ECLI:NL:TADRARL:2019:87 Raad van Discipline Arnhem-Leeuwarden 18-646

ECLI: ECLI:NL:TADRARL:2019:87
Datum uitspraak: 20-05-2019
Datum publicatie: 12-06-2019
Zaaknummer(s): 18-646
Onderwerp:
  • Wat een behoorlijk advocaat betaamt t.o. de wederpartij, subonderwerp: Vrijheid van handelen
  • Ontvankelijkheid van de klacht, subonderwerp: Klachten waarbij klager geen belang heeft
Beslissingen: Klacht gegrond, zonder maatregel
Inhoudsindicatie: Verweerster heeft als advocaat van de wederpartij van klager in een familiegeschil Gedragsregel 15 lid 2 (Gedragsregels 1992) geschonden. Zij had behoren te weten dat de appelprocedure van haar nieuwe cliënte, alsmede de 2 gevoegd behandelde appelprocedures van de ex-partner, voor uitspraak stonden bij het gerechtshof, althans had in de gegeven omstandigheden grond om daarover te twijfelen en daar navraag over moeten doen,eventueel bij de voormalige advocaat van haar cliënte. Door haar eenzijdige berichtgeving aan het gerechtshof, nadat de lopende procedures tussen partijen al voor uitspraak stonden, heeft verweerster de grenzen overschreden van de vrijheid die zij als advocaat van de wederpartij van klager had. In zoverre is de klacht gegrond. Geen maatregel.

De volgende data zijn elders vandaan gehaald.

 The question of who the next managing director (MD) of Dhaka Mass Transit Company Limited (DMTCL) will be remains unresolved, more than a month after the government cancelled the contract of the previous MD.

Beslissing van de Raad van Discipline in het ressort Arnhem-Leeuwarden

van 20 mei 2019

in de zaak 18-646

naar aanleiding van de klacht van:

klager

tegen

verweerster

1    VERLOOP VAN DE PROCEDURE

1.1    Bij brief van 19 december 2017, aangevuld bij brief van 19 februari 2018, heeft klager bij de deken van de orde van advocaten in het arrondissement Midden-Nederland (hierna: de deken) een klacht ingediend over verweerster.

1.2    Bij brief aan de raad van 15 augustus 2018 met kenmerk 17-0353/FH/sd, door de raad digitaal ontvangen op dezelfde datum, heeft de deken de klacht ter kennis van de raad gebracht.

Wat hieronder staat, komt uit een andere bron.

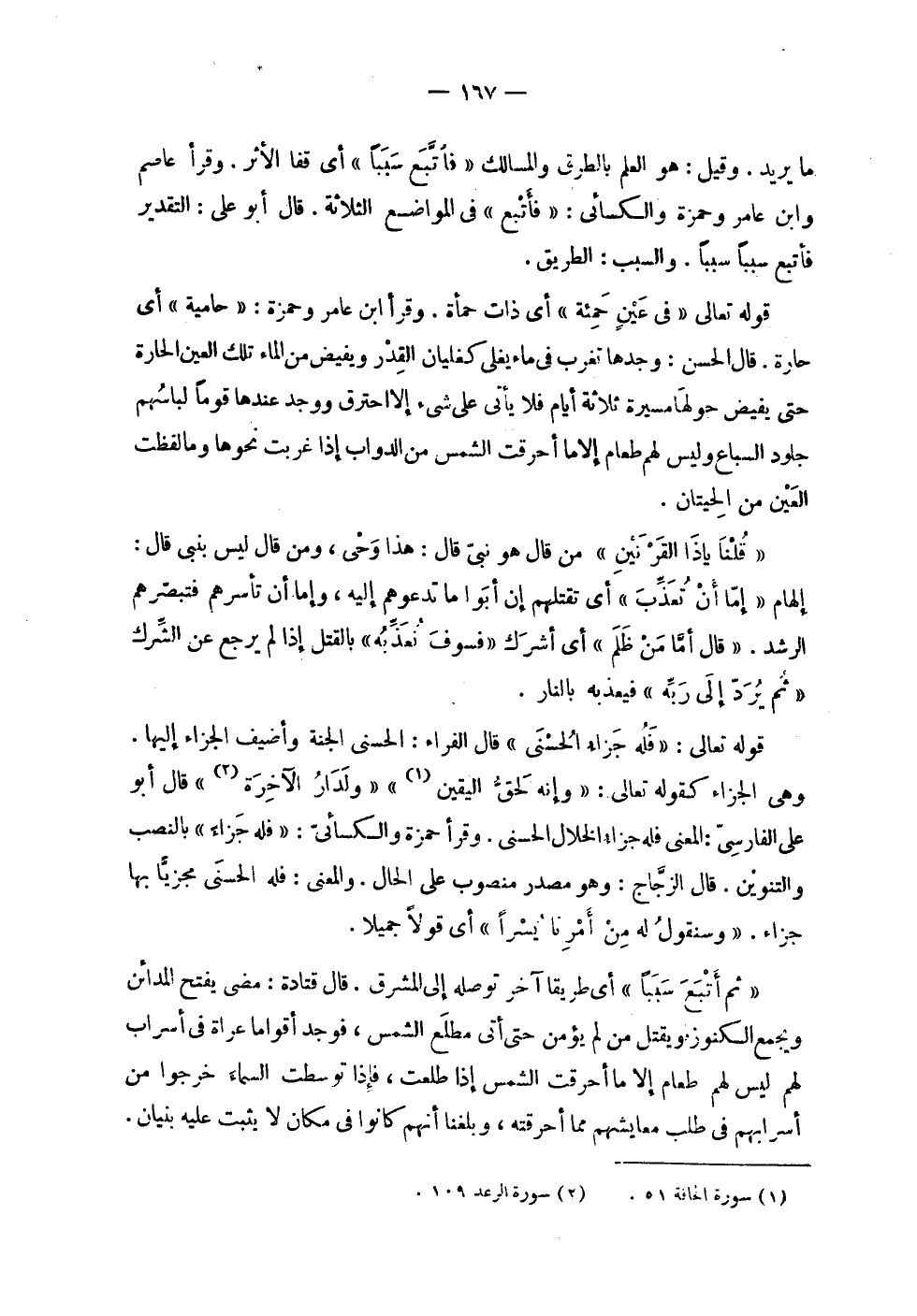 | ما يريد . وقيل : هو العلم بالطرق والمسالك ! 2 < فأتبع سببا > 2 ! أي قفا الأثر . وقرأ عاصم | وابن عامر وحمزة والكسائي : ! 2 < فاتبع > 2 ! في المواضع الثلاثة . قال أبو علي : التقدير | فأتبع سبباً سبباً . والسبب : الطريق . | | قوله تعالى : ! 2 < في عين حمئة > 2 ! أي ذات حمأة . وقرأ ابن عامر وحمزة : ! 2 < حامية > 2 ! أي | حارة . قال الحسن : وجدها تغرب في ماء يغلي كغليان القدر ويفيض من الماء تلك العين الحارة | حتى يفيض حولها مسيرة ثلاثة أيام فلا يأتي على شيء إلا احترق ووجد عندها قوماً لباسهم | جلود السباع وليس لهم طعام إلا ما أحرقت الشمس من الدواب إذا غربت نحوها وما لفظت | العين من الحيتان . | | ! 2 < قلنا يا ذا القرنين > 2 ! من قال هو نبي قال : هذا وحي , ومن قال ليس بنبي قال : | إلهام ! 2 < إما أن تعذب > 2 ! أي تقتلهم إن أبوا ما تدعوهم إليه , وإما أن تأسرهم فتبصرهم | الرشد . ! 2 < قال أما من ظلم > 2 ! أي أشرك ! 2 < فسوف نعذبه > 2 ! بالقتل إذا لم يرجع عن الشرك | ! 2 < ثم يرد إلى ربه > 2 ! فيعذبه بالنار . | | قوله تعالى : ! 2 < فله جزاء الحسنى > 2 ! قال الفراء : الحسنى الجنة وأضيف الجزاء إليها . | وهي الجزاء كقوله تعالى : ! 2 < وإنه لحق اليقين > 2 ! ! 2 < ولدار الآخرة > 2 ! قال أبو | علي الفارسي : المعنى فله جزاء الخلال الحسنى . وقرأ حمزة والكسائي : ! 2 < فله جزاء > 2 ! بالنصب | والتنوين . قال الزجاج : وهو مصدر منصوب على الحال . والمعنى : فله الحسنى مجزياً بها | جزاه , ! 2 < وسنقول له من أمرنا يسرا > 2 ! أي قولاً جميلاً . | | ! 2 < ثم أتبع سببا > 2 ! أي طريقاً آخر توصله إلى المشرق . قال قتادة : مضى يفتح المدائن | ويجمع الكنوز ويقتل من لم يؤمن حتى أتى مطلع الشمس , فوجد أقواماً عراة في أسراب | لهم ليس لهم طعام إلا ما أحرقت الشمس إذا طلعت فإذا توسطت السماء خرجوا من | أسرابهم في طلب معايشهم مما أحرقته , وبلغنا أنهم كانوا في مكان لا يثبت عليه بنيان . |
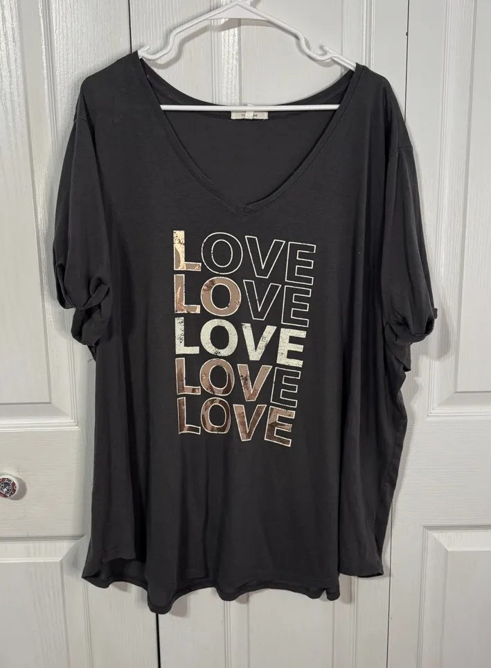 Excellent condition, gray v neck short sleeve love tee size 3XL Measurements are approximate Pit t... Show more
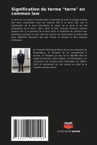 La terre est un aspect essentiel dans le domaine du droit et chaque individu doit donc comprendre tous les aspects liés à la terre, tels que la signification de la terre elle-même, la valeur de la terre et qui est propriétaire de la terre....donc, dans ce livre, j'essaie d'évaluer certains aspects liés à la question de la terre dans la juridiction de common law. Quiconque parcourt ce livre sera en mesure de comprendre et d'être utile dans différents domaines tels que l'école, le tribunal et bien d'autres institutions.
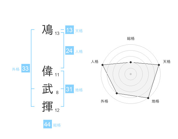 鳰 偉武揮さんを姓名の画数から五運を鑑定

1.3    De klacht is behandeld ter zitting van de raad van 28 januari 2019 in aanwezigheid van verweerster. Van de behandeling is proces-verbaal opgemaakt.

1.4    De raad heeft kennis genomen van:

-    het van de deken ontvangen dossier;

-    de e-mail van klager van 9 januari 2019.

2    FEITEN

2.1    Voor de beoordeling van de klacht wordt, gelet op de stukken en hetgeen ter zitting is verklaard, van de volgende vaststaande feiten uitgegaan.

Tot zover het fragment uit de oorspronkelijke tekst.